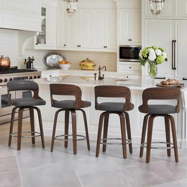 Edwards 26 in.Modern Gray Faux Leather Swivel Bar Stool with Solid Walnut Wood Frame Bentwood Counter Stool Set of 4
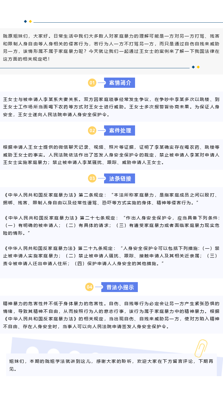 陇姐学法 | 通过自伤自残威胁他人也属家庭暴力
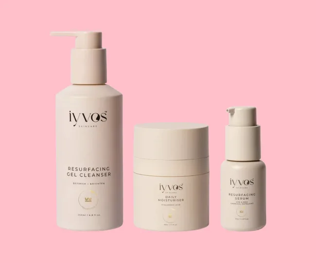 What’s inside: Gel cleanser, resurfacing serum, moisturiser
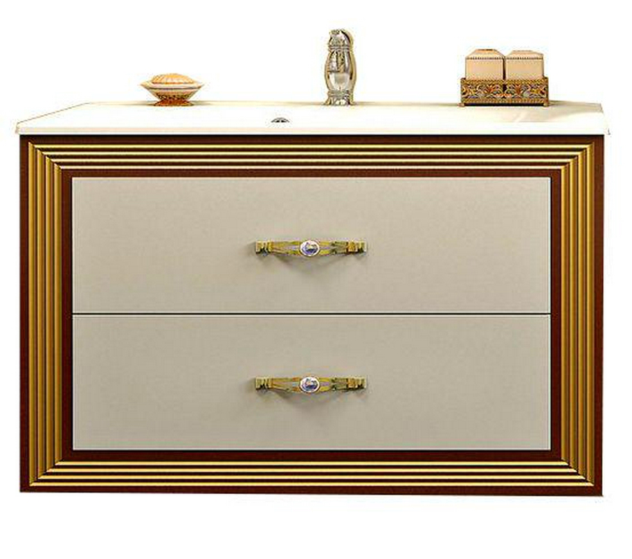 Тумба Opadiris Карат Тумба подвесная Карат 100, 1000*595*450 мм, цвет слоновая кость/золотая патина, БЕЗ раковины Прима 1000, крепеж в комплекте XX
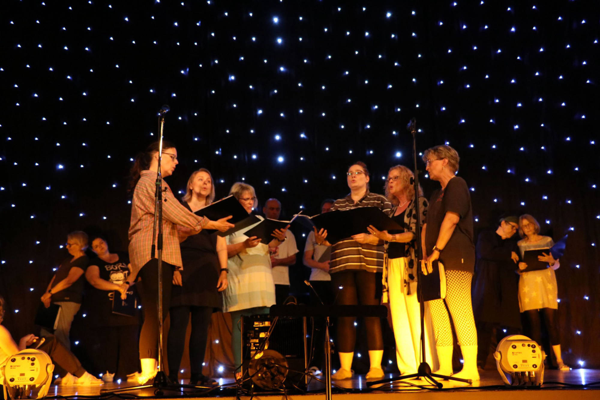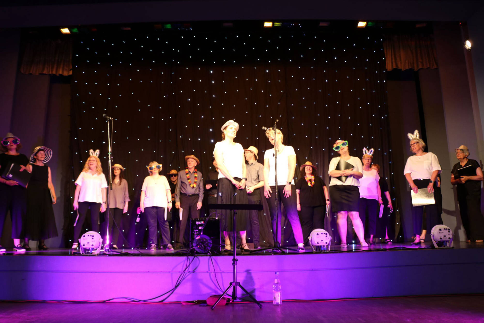 Schlaf, Liebe, Einsamkeit und Feiern zogen sich wie ein roter Faden durch die nun folgende Veranstaltung. Die Bühne war mit Sternenhimmel und farblich abgestimmten Licht vorbereitet, die Choreographie aufwändig einstudiert. „Sandmann, lieber Sandmann“ bildete, vom Pubikum gesungen, den Auftakt. Nun war klar: Der Schlafsand ist nicht weit. „The Lion sleeps tonight“, „Memory“, „Blue Moon“ und „Tourdion“ waren einige der nun dargebotenen Klassiker. Chorleiterin Imke Ortmann, am Piano hervorragend unterstützt durch Maike Jensen, bezog bei einzelnen Liedern, sowie zwischendurch, auch das Publikum weiter mit ein. Immer wieder wurde das Lied „Der Mond ist aufgegangen“ aufgegriffen, bis am Ende alle sieben Strophen gesungen waren. Bei den Liedern, hauptsächlich aus den Bereichen Oper, Pop und Musical, gab es mehrere Soloparts, welche die Zuhörenden besonders begeisterten. Insgesamt war es für aktiv und passiv Teilnehmende der Veranstaltung ein gelungener, schöner Abend.

------------------------

● YOUR GOAL: Each entry needs to be returned verbatim, with its pictures left out.

● EXPECTED ANSWER:
 Edwards 26 in.Modern Gray Faux Leather Swivel Bar Stool with Solid Walnut Wood Frame Bentwood Counter Stool Set of 4
 陇姐学法 | 通过自伤自残威胁他人也属家庭暴力
 What’s inside: Gel cleanser, resurfacing serum, moisturiser
 Тумба Opadiris Карат Тумба подвесная Карат 100, 1000*595*450 мм, цвет слоновая кость/золотая патина, БЕЗ раковины Прима 1000, крепеж в комплекте XX
 Schlaf, Liebe, Einsamkeit und Feiern zogen sich wie ein roter Faden durch die nun folgende Veranstaltung. Die Bühne war mit Sternenhimmel und farblich abgestimmten Licht vorbereitet, die Choreographie aufwändig einstudiert. „Sandmann, lieber Sandmann“ bildete, vom Pubikum gesungen, den Auftakt. Nun war klar: Der Schlafsand ist nicht weit. „The Lion sleeps tonight“, „Memory“, „Blue Moon“ und „Tourdion“ waren einige der nun dargebotenen Klassiker. Chorleiterin Imke Ortmann, am Piano hervorragend unterstützt durch Maike Jensen, bezog bei einzelnen Liedern, sowie zwischendurch, auch das Publikum weiter mit ein. Immer wieder wurde das Lied „Der Mond ist aufgegangen“ aufgegriffen, bis am Ende alle sieben Strophen gesungen waren. Bei den Liedern, hauptsächlich aus den Bereichen Oper, Pop und Musical, gab es mehrere Soloparts, welche die Zuhörenden besonders begeisterten. Insgesamt war es für aktiv und passiv Teilnehmende der Veranstaltung ein gelungener, schöner Abend.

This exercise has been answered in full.